John L. Micek, the Allentown Morning Call's Harrisburg reporter, questioned a state Department of Revenue spokeswoman on March 27 whether gubernatorial candidate Lynn Swann should be collecting the 6 percent state sales tax on some of the memorabilia sold on the Hall of Famer's Web site, including autographed footballs.

Swann, a Republican, will face Gov. Ed Rendell, a Democrat, in the fall.

That same day, the Revenue Department sent the former Steelers star a five-page questionnaire about the mission and activities of Swann Inc.

Four days later - even faster than the state's mail to him - Swann agreed to start paying sales taxes and Micek reported that the state would not be seeking back taxes nor face penalties.

Here's where it gets interesting folks.

Citing confidentiality restrictions last Friday, Revenue Department spokesman Steve Kniley said he could not say whether tax officials had received the questionnaire back from Swann. Nor could he say whether Swann Inc. had applied for a sales tax license.

Did Pennsylvania revenuers violate state law in order to publicly embarass Republican gubernatorial candidate Lynn Swann? It sure seems that way.But today, exactly one week later, the Revenue Department introduced a new weapon in its efforts to pressure delinquents to pay overdue sales taxes - public embarrassment - by posting their names on its Web site.

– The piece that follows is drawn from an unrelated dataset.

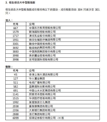 澳优乳业(01717)、中国奥园(03883)等将被纳入恒生综合大中型股指数成份股,渣打集团(02888)、富智康集团(02038)等将被剔除。成份股数目由304只减少至301只。
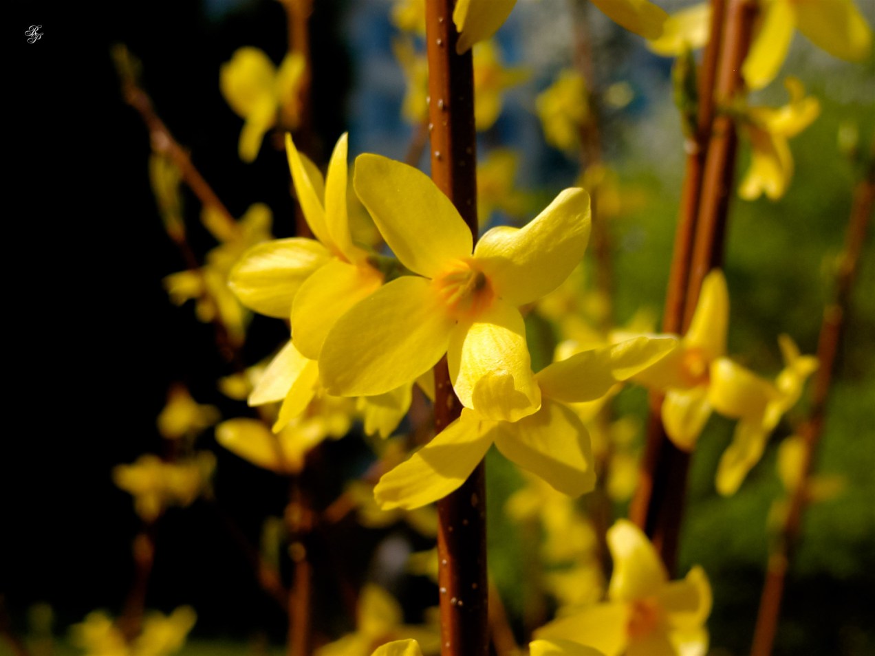 Yellow flowers in bloom, springtime, Grosvenor, North Bethesda, MD, USA.

Oops. I guess somebody finally realized that what they did to Swann was unprecedented and tried to cover their tracks. I wonder if they would have been so accomodating if the reporter was seeking similar information about an incumbent Democrat?

Was Micek tipped to Swann's mistake in an effort to embarrass him? John's a pretty good reporter so I'll give him the benefit of the doubt that he just looked at Swann's Web site and saw no sales tax was being charged.

I'm a pretty good reporter too, or so I've been told.

That's why at least one Luzerne County official broke federal law by tapping a national crime computer to dig up dirt on me nearly a decade ago.

NCIC is the nation's most extensive computerized criminal justice information system, containing criminal history information, files on wanted persons, and information on stolen vehicles and missing persons. It is available for use by any cop in a police cruiser or in radio contact with a police dispatcher. Most 911 centers also have access to it.

Unfortunately, it's also easily accessible by politicians seeking to dig up dirt on anyone they want, even though there's supposed to be laws against such abuse. And that's just what happened.

I pulled a DUI in 1990. There was no accident and I was just over the legal limit. But at that time, I was the court reporter for the Press-Enterprise in Columbia County so you can imagine my embarrassment and that of the paper. The judge even woke up to sentence me. A first offender, I got probation and a suspended license.

Seven years went by and I started working for the Times Leader in Wilkes-Barre covering the corrupt political machine run by the Luzerne County commissioners.

Two weeks on the job, I got a call from a friend in the Columbia County Prothonotary's office that Luzerne County's Clerk of Courts, who also doubles as a ward leader, was prying into my old case which I left on the public record rather than have expunged.

I didn't say anything publicly about it at the time - there was no reason to, but I let that politician privately know he had broken the law by misusing the computer system.

It's all just politics as usual my friends, or as Don Segretti called it while working to re-elect ol' Tricky Dick, "Rat fucking."